Well your supposed to NOT violate rules.. but uber doesn't comply with anyones rules, they put their drivers at risk and then claim they are independent contractors when they get caught.


----------



## freediverdude (Oct 14, 2016)

Mears Troll Number 4 said:


> There are not many choices but there are one or 2.
> 
> Well your supposed to NOT violate rules.. but uber doesn't comply with anyones rules, they put their drivers at risk and then claim they are independent contractors when they get caught.


Thank you- I'll get a quote from them and see if it's doable. How much is your commercial insurance?


----------



## Mars Troll Number 4 (Oct 30, 2015)

freediverdude said:


> Thank you- I'll get a quote from them and see if it's doable. How much is your commercial insurance?

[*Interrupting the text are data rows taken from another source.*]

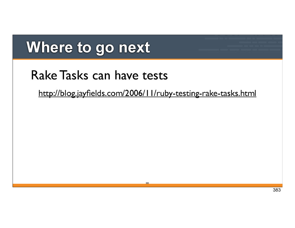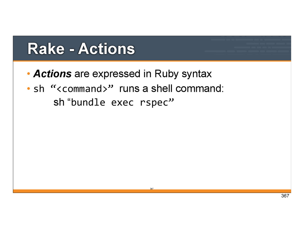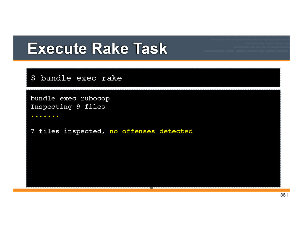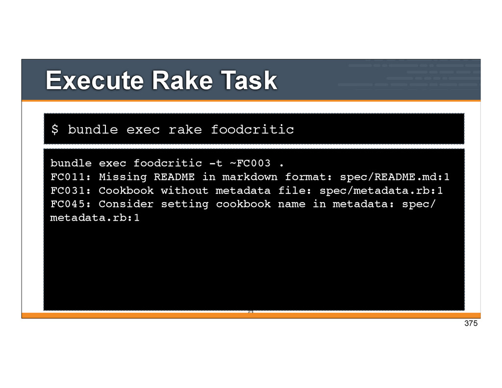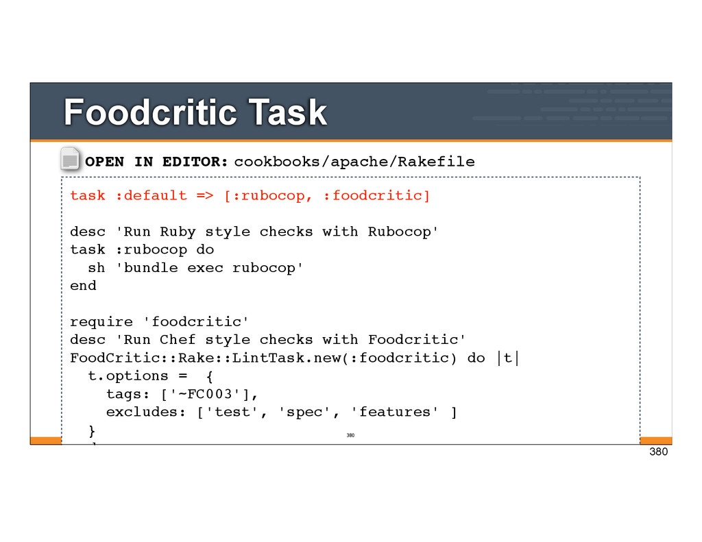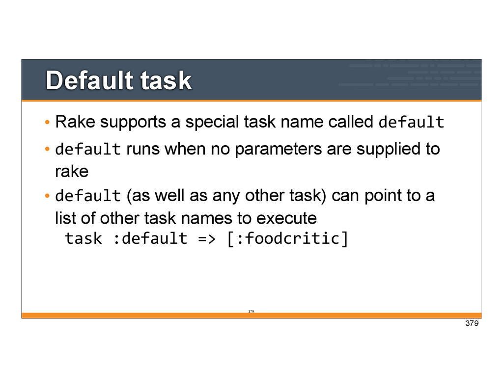 default • default runs when no parameters are supplied to rake • default (as well as any other task) can point to a list of other task names to execute task :default => [:foodcritic] 379 379
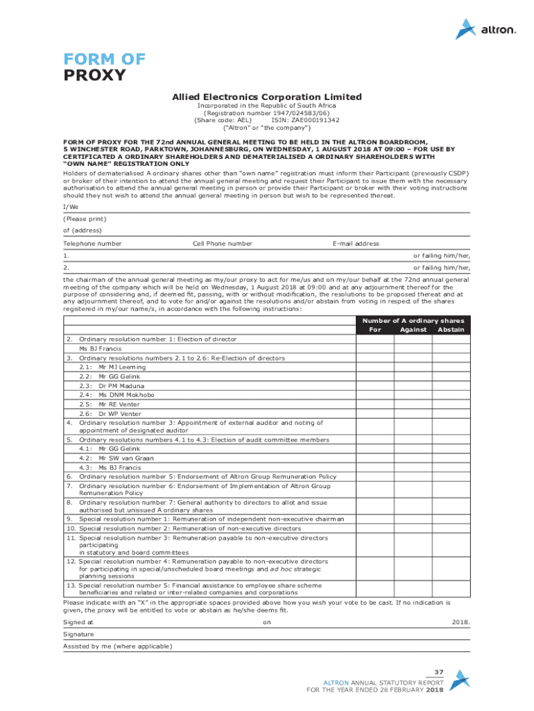 FORM OF PROXY Allied Electronics Corporation Limited Incorporated in the Republic of South Africa (Registration number 1947/024583/06) (Share code: AEL) ISIN: ZAE000191342 (Altron or the company)FORM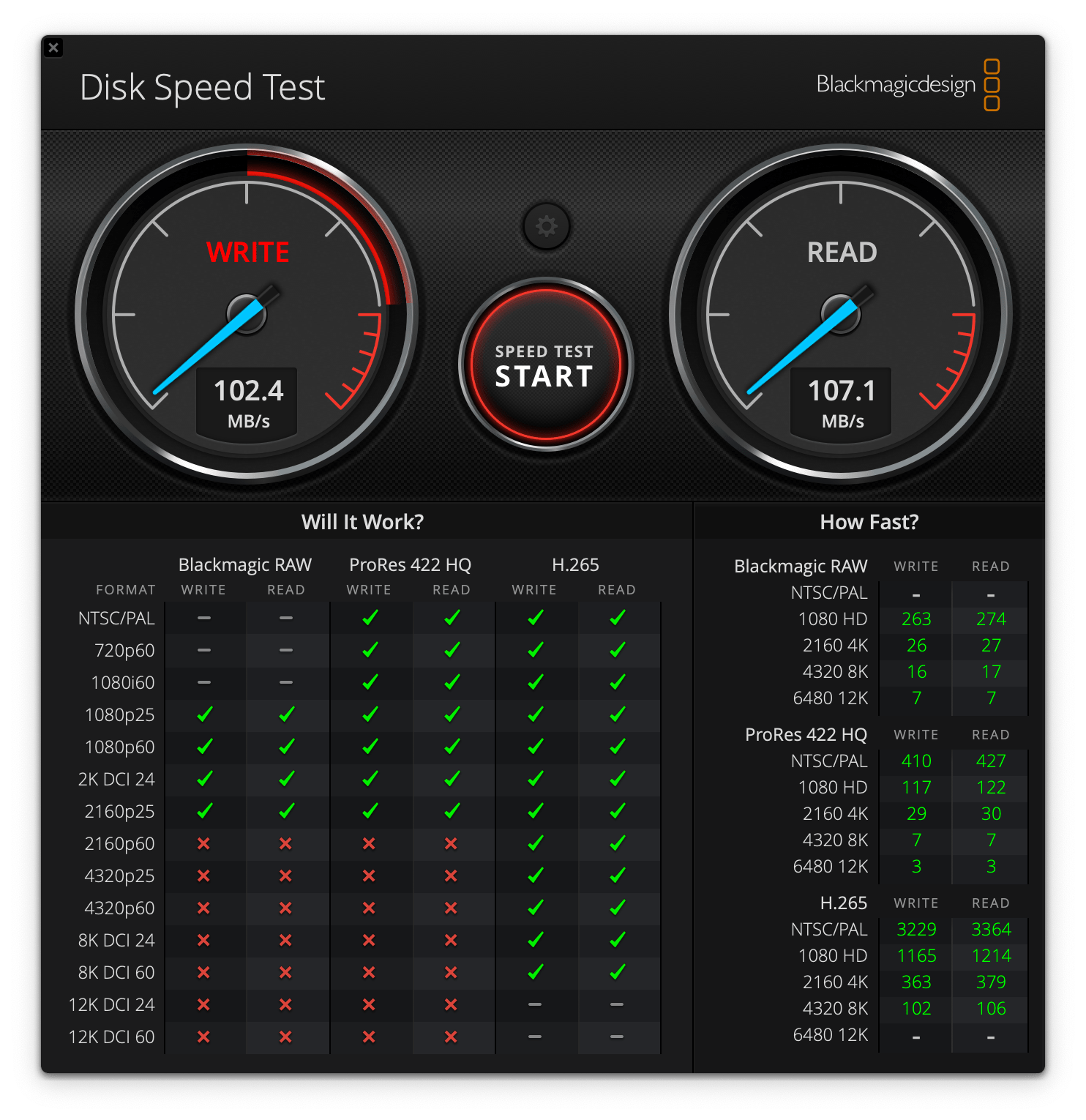 As to the actual performance numbers, Disk Speed Test showed familiar hard drive-like performance: 102MBps writes, and 107MBps reads.

the last quote i got for a 1/car 1 driver policy was 8,200 for the year, right now i just lease a company taxi so it's a package deal.


----------



## SuperUberNoober (Nov 15, 2016)

freediverdude said:


> Thank you- I'll get a quote from them and see if it's doable. How much is your commercial insurance?


I'm also in Florida and the best deal I've found so far on rideshare insurance is through a local insurance agency that gave me a quote from Foremost - $260 a month which replaces my personal auto insurance with this personal/rideshare insurance. So it's basically double what I would pay for personal auto insurance.


----------



## bigdaddy (Oct 27, 2015)

JanuaryStone said:


> The first thing they will do if you ever file a claim is vet your DL number and your VIN to see if you and/or your car are registered on any Ride Share Driver lists. You are, it is, and they WILL find out.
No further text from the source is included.